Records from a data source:

□ □ □ □ □

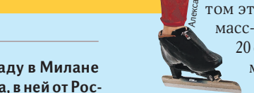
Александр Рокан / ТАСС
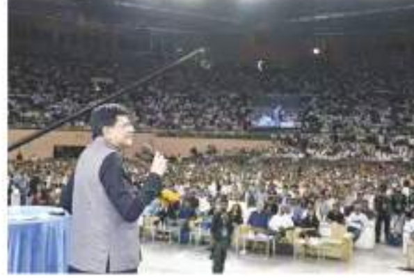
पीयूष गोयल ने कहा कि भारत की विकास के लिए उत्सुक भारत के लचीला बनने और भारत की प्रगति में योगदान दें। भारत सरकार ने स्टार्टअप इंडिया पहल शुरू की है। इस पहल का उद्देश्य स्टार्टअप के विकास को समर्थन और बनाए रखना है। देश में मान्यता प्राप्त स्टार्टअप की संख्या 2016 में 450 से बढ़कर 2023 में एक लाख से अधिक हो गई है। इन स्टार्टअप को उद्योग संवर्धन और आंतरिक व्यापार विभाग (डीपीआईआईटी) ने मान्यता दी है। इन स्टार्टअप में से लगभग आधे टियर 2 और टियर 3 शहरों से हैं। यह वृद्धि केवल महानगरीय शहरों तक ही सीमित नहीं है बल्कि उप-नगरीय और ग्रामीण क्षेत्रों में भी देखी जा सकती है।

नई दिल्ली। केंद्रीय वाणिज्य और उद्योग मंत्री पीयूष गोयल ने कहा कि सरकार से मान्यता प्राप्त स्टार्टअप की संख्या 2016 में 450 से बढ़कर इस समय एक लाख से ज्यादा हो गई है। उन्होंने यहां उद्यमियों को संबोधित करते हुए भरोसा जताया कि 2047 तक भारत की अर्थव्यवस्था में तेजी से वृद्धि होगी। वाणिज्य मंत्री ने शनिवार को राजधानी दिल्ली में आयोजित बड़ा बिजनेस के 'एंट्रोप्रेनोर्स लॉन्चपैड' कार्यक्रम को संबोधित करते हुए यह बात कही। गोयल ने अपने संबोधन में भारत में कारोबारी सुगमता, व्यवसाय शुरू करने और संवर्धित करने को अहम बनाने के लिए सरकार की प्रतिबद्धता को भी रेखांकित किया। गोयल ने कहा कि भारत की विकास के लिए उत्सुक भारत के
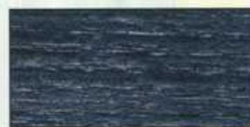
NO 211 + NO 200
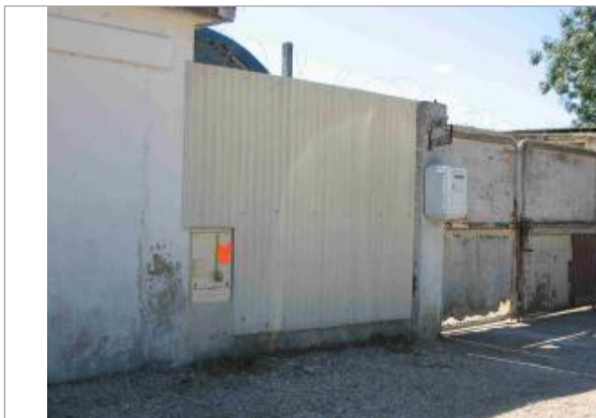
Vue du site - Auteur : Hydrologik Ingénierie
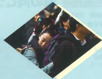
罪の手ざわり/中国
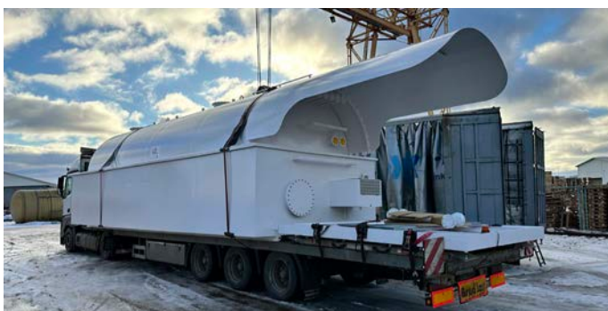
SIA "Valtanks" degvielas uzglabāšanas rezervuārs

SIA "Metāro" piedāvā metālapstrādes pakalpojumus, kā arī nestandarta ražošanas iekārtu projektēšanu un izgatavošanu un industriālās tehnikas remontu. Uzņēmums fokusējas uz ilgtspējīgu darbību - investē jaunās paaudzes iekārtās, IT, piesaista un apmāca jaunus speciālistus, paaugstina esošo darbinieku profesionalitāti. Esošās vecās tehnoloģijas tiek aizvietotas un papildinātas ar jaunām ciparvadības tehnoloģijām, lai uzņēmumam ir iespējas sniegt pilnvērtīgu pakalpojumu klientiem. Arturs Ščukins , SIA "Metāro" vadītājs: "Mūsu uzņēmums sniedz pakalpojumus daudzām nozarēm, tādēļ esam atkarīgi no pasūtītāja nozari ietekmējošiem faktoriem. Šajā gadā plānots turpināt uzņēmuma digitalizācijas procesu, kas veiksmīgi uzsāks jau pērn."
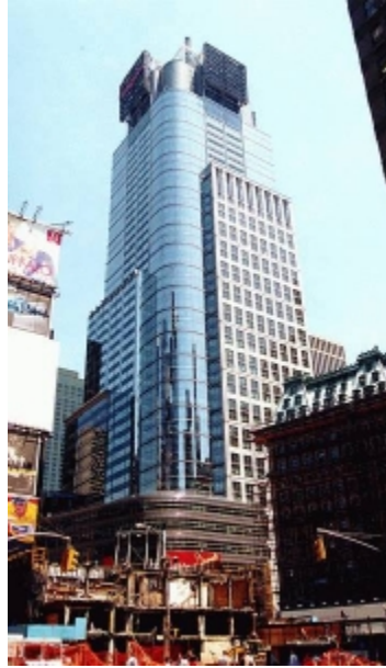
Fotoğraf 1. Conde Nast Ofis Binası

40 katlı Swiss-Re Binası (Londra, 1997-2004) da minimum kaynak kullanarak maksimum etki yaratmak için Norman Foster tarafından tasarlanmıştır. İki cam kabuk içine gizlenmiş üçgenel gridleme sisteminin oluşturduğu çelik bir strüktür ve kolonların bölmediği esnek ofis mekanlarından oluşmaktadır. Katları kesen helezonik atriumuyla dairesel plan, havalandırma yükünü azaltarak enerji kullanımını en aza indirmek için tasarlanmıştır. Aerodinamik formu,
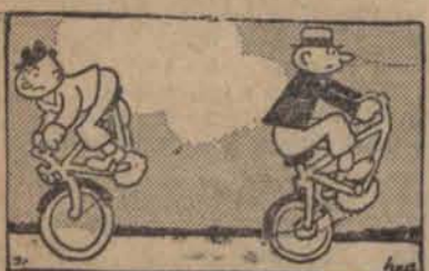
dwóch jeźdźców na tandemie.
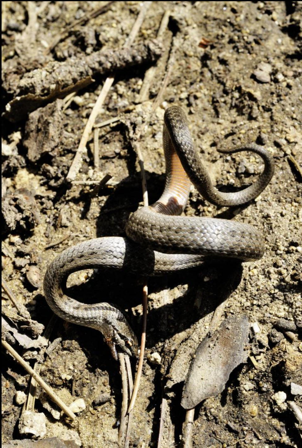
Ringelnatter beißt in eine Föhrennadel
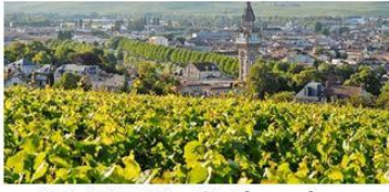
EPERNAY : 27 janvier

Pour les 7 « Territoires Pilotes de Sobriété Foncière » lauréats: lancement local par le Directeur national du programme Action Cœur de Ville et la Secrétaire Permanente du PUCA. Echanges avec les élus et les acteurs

□ □ □ □ □

• _Exercise objective_
Whenever the string "Binası" shows up in a line of the records, copy that line.

• _Response below_
Fotoğraf 1. Conde Nast Ofis Binası
40 katlı Swiss-Re Binası (Londra, 1997-2004) da minimum kaynak kullanarak maksimum etki yaratmak için Norman Foster tarafından tasarlanmıştır. İki cam kabuk içine gizlenmiş üçgenel gridleme sisteminin oluşturduğu çelik bir strüktür ve kolonların bölmediği esnek ofis mekanlarından oluşmaktadır. Katları kesen helezonik atriumuyla dairesel plan, havalandırma yükünü azaltarak enerji kullanımını en aza indirmek için tasarlanmıştır. Aerodinamik formu,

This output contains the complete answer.